TDDD41/732A75: Clustering Lab

Goals

Gain familiarity with the data mining toolkit, Weka
Learn to apply clustering algorithms using Weka
Understand outputs produced by clustering tools in Weka

Procedure

Dataset
In this lab we will work with a dataset from HARTIGAN (file.06). The file has been translated into ARFF, the default data file format in Weka. Download the dataset here. The dataset gives nutrient levels of 27 kinds of food. The mounts of energy, protein, fat, calcium and iron have been measured in a 3 ounce portion of the various foods.
Press the Preprocesstab. Now Press the Open button and load food.arff. A description of each attribute can be seen by selecting the attribute from the list in the left hand side of the screen. The description appears in the right hand side of the screen. Press the Edit button, you can read and edit each instances.
More info on Explorer-Preprocessing is available in the Explorer User Guide.
Cluster Data
Several clustering algorithms are implemented in Weka. In this lab we experiment with an implementation of K-means, SimpleKmeans, and an implementation of a density-based method, MakeDensityBasedClusterer in Weka.
To cluster the data, click on the Cluster tab.
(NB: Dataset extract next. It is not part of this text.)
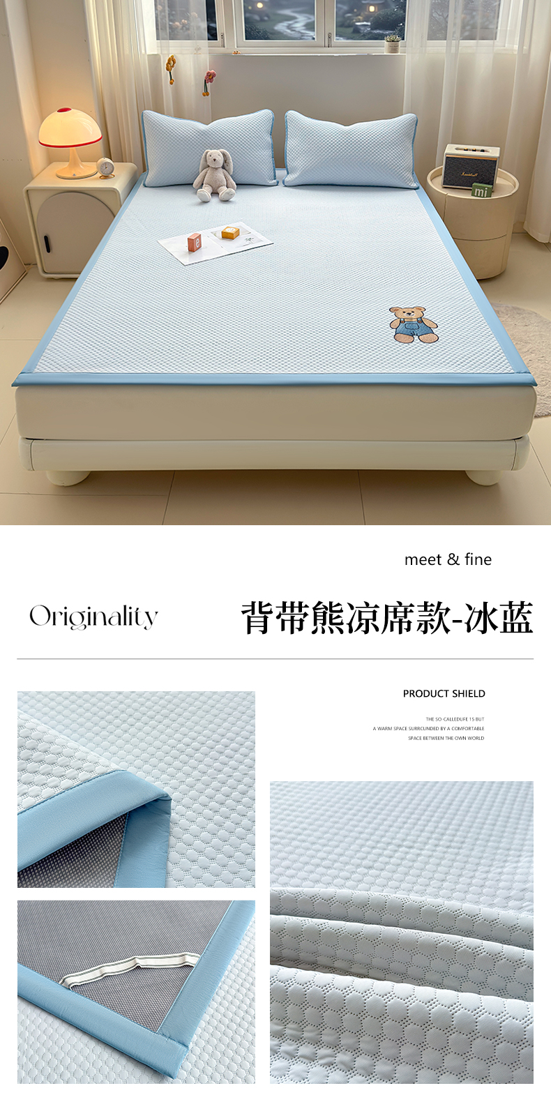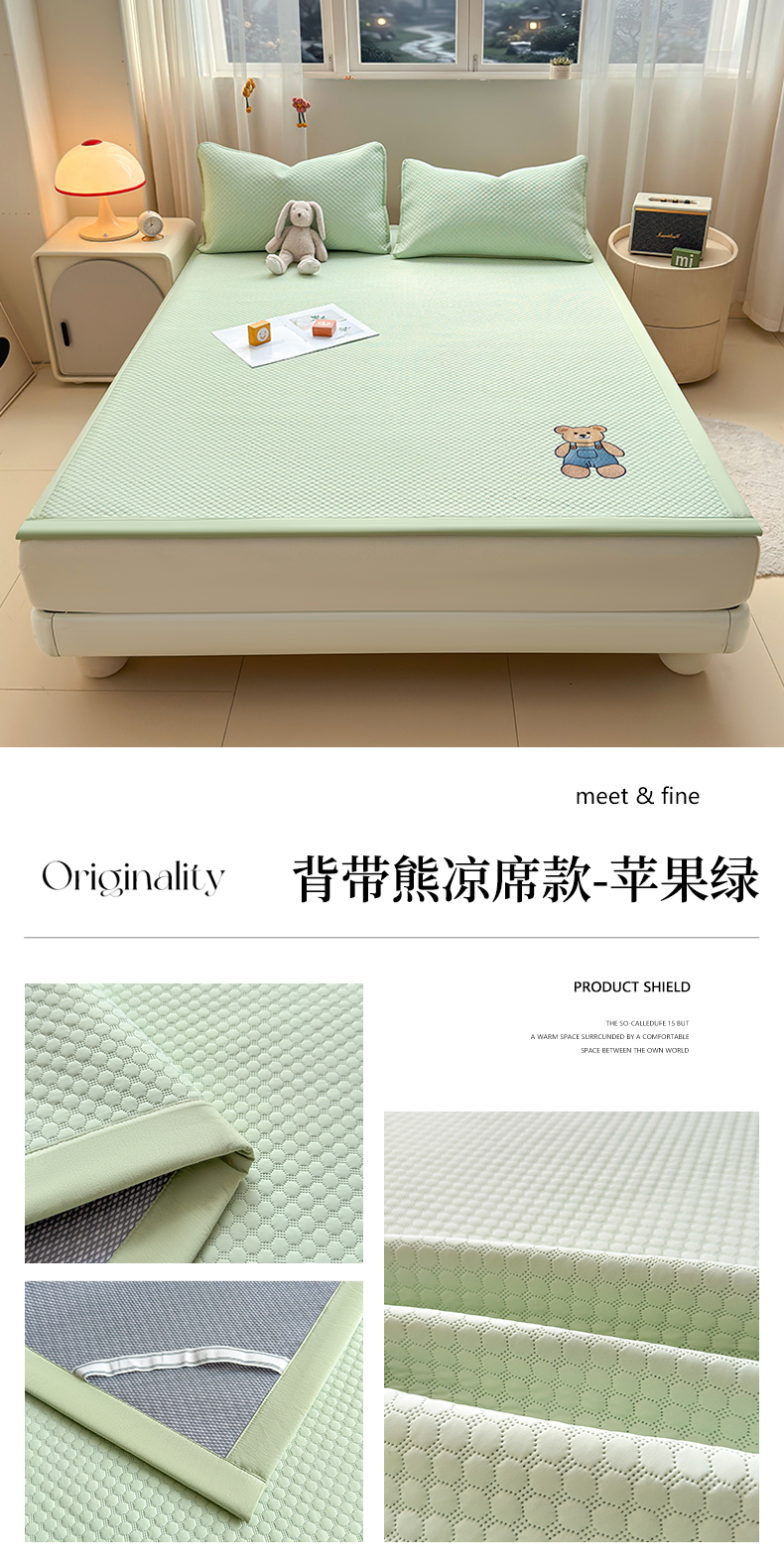 当前位置: 91家纺网 > 商品网购 > 床上用品 > 凉席 > 凉席套件 > 雯豆家纺 2026夏季新款绣花豆豆压花凉席三件套加厚三明治平铺席子纯色卡通凉席 背带熊凉席款-米黄

Press the Choose button to select the clustering algorithm. Click on the line that has appeared to the right of the Choose button to edit the properties of the algorithm. You can find a detailed description of the algorithm by pressing the More button. Set the desired properties and press OK. In the Cluster mode, select "Use training set". Press the Ignore attributes button to specify which attributes should be used in the clustering. Click Start.
Check the output on the right hand side of the screen. You can right click the result set in the "Result list" panel and view the results of clustering in a separate window. The result window shows the centroid of each cluster as well as statistics on the number and percentage of instances assigned to different clusters. Another way of understanding the characteristics of each cluster is through visualization. We can do this by right-clicking the result set on the left "Result list" panel and selecting "Visualize cluster assignments". You also can click the Save button in the visualization window and save the result as an arff file.
More info on Explorer-Clustering is available in the Explorer User Guide.
- SimpleKmeans
- MakeDensityBasedClusters
  Now with MakeDensityBasedClusters, SimpleKMeans is turned into a denstiy-based clusterer. You can set the minimum standard deviation for normal density calculation. Experiment with the algorithm as the follows:
  1. Use the SimpleKMeans clusterer which gave the result you haven chosen in 5).
  2. Experiment with at least two different standard deviations. Compare the results. (Hint: Increasing the standard deviation to higher values will make the differences in different runs more obvious and thus it will be easier to conclude what the parameter does)

Submission

Submit a report describing your experiments. This should include the reasons why certain parameters/attributes/values were chosen, explanation of the procedure, and the explanation of the results. When explaining the experiments there is no need for explaining every step of the process (such as which buttons were clicked, etc). It is enough to say which algorithm was run and which arguements were used. In addition, do not copy-paste the full outputs from the tool. When presenting the results, present only those parts of the output which are relevant for what you are trying to explain. In cases where you are asked to compare different experiments, you should first compare the results and then try to reason about why the changes in the results occured (did not occur). Avoid writing statements without motivation, such as "Results are better/worse." In other words, explain in what respect they are better/worse and why this happened. Your lab report should also include the answers to all questions in the text.